Witchcraft has become a hot topic in recent years. From J.K. Rowling’s Harry Potter books to self-described witches agitating for political and social parity with mainstream religious traditions, Christians have had to re-examine witchcraft and formulate a modern apologetic approach to it.
In an age of science and skepticism, it may be difficult to understand why intelligent people would be drawn to witchcraft, which encompasses both a methodology of casting spells and invoking spirits and an ideology that encourages finding gods and goddesses both in nature and within the self. In her “conversion story,” self-described Wiccan high priestess Phyllis Curott, an Ivy League-educated lawyer who was raised by agnostics, describes her journey from secular materialism to Wicca as a rejection of the idea that humans are made for mammon alone:
I discovered the answers . . . to questions buried at the center of my soul . . . How are we to find our lost souls? How can we rediscover the sacred from which we have been separated for thousands of years? How can we live free of fear and filled with divine love and compassion? . . . How can we restore and protect this Eden, which is our fragile planet? (Curott, Book of Shadows, xii)

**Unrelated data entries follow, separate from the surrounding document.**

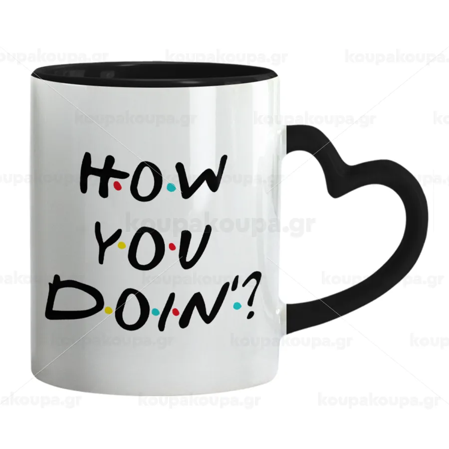 Friends How You Doin'?, Κούπα καρδιά χερούλι μαύρη, κεραμική, 330ml
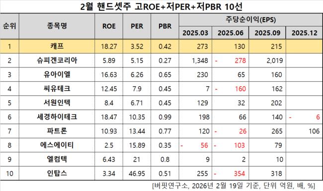 버핏연구소 조사 결과 캐프가 2월 핸드셋주 고ROE+저PER+저PBR 1위를 차지했으며, 슈피겐코리아(192440), 유아이엘(049520), 씨유테크(376290)가 뒤를 이었다.
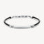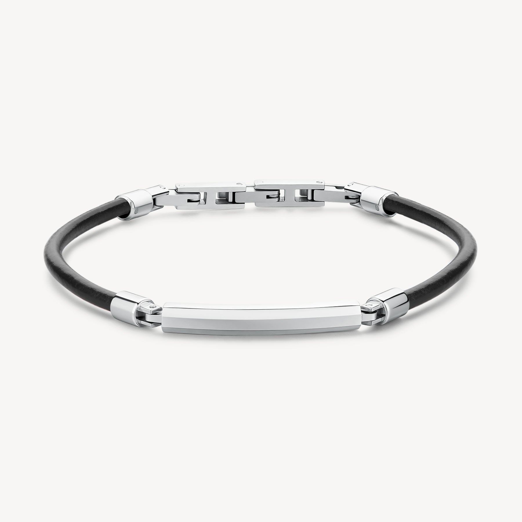 Bracciale in pelle nera con piastrina centrale in acciaio 316L.
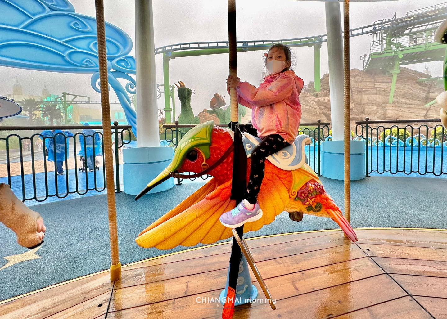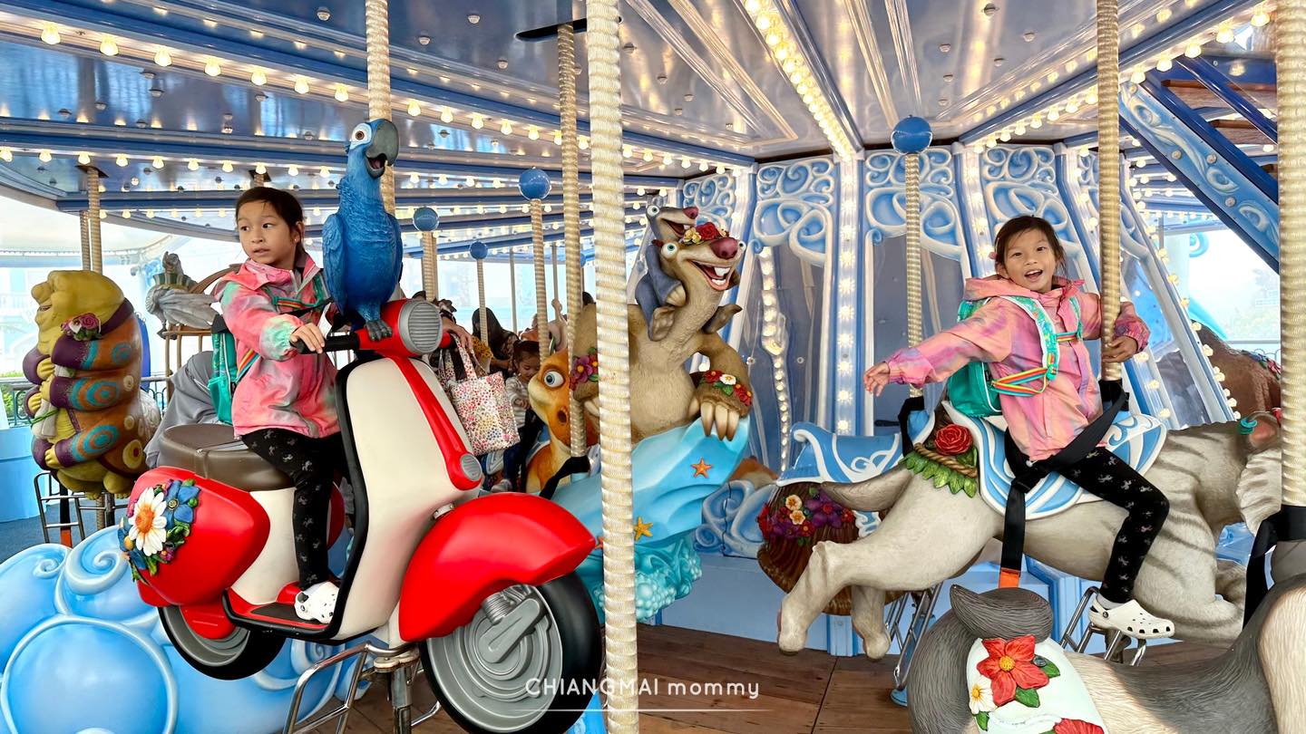เราเล่น Blue Sky Carousey ม้าหมุนน่ารักๆ เล่นไป 2 รอบเอง เพราะรอบหนึ่งจุคนได้เยอะมาก เค้ามี 2 ชั้นเลยนะคะ
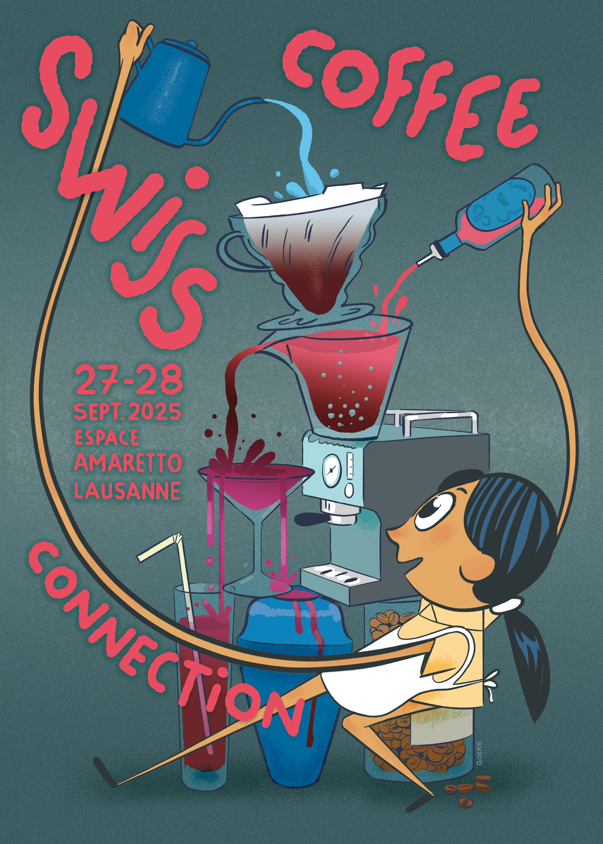 Cette année encore j’ai eu le plaisir de faire l’affiche du Swiss coffee Connection 2025. Je n’ai pas pu m’y rendre mais j’aurais bien voulu. Il y avait même des verres à dégustation avec mon écriture dessus.
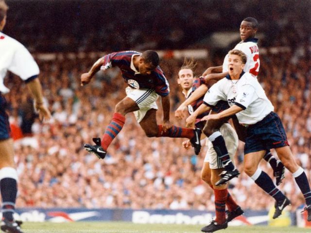 接下來的幾個賽季,萊斯·費迪南德漸漸適應(yīng)了英格蘭頂級聯(lián)賽的比賽節(jié)奏,表現(xiàn)越來越好。等到1992—93賽季的時候,26歲的萊斯·費迪南德火力全開,整個賽季下來取得20粒聯(lián)賽進球,斬獲英超銀靴。他腳風最順的時候,甚至連續(xù)兩輪上演帽子戲法。
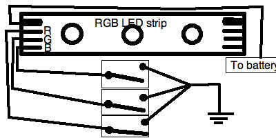Paso 5: Unas tiras de LED tienen opción de rojo, verde y azul, todos en la misma pieza. Si desea poder cambiar los colores, todo lo que necesitas hacer es hacer algunos interruptores dondequiera que usted quiere y tiene los cables van a los LEDs.

These are indeed important questions that deserve answers, answers that can be found in their fullness in Christ and in his Church. In a homily then-Cardinal Joseph Ratzinger gave at the Mass just before his election to the papacy, he famously observed:
How many winds of doctrine have we known in recent decades, how many ideological currents, how many ways of thinking. The small boat of the thought of many Christians has often been tossed about by these waves—flung from one extreme to another: from Marxism to liberalism, even to libertinism; from collectivism to radical individualism; from atheism to a vague religious mysticism; from agnosticism to syncretism and so forth.
Witchcraft has been around for centuries, perhaps even millennia, but is emerging once more from the shadows as one answer to skepticism, to materialism, even to self-absorption. It is, so to speak, the wrong answer to the right questions; it is, as the Catechism of the Catholic Church says, “gravely contrary to the virtue of religion” (CCC 2117). Catholics should not discourage these questions but must be prepared to offer the only answer: Christ and his Church.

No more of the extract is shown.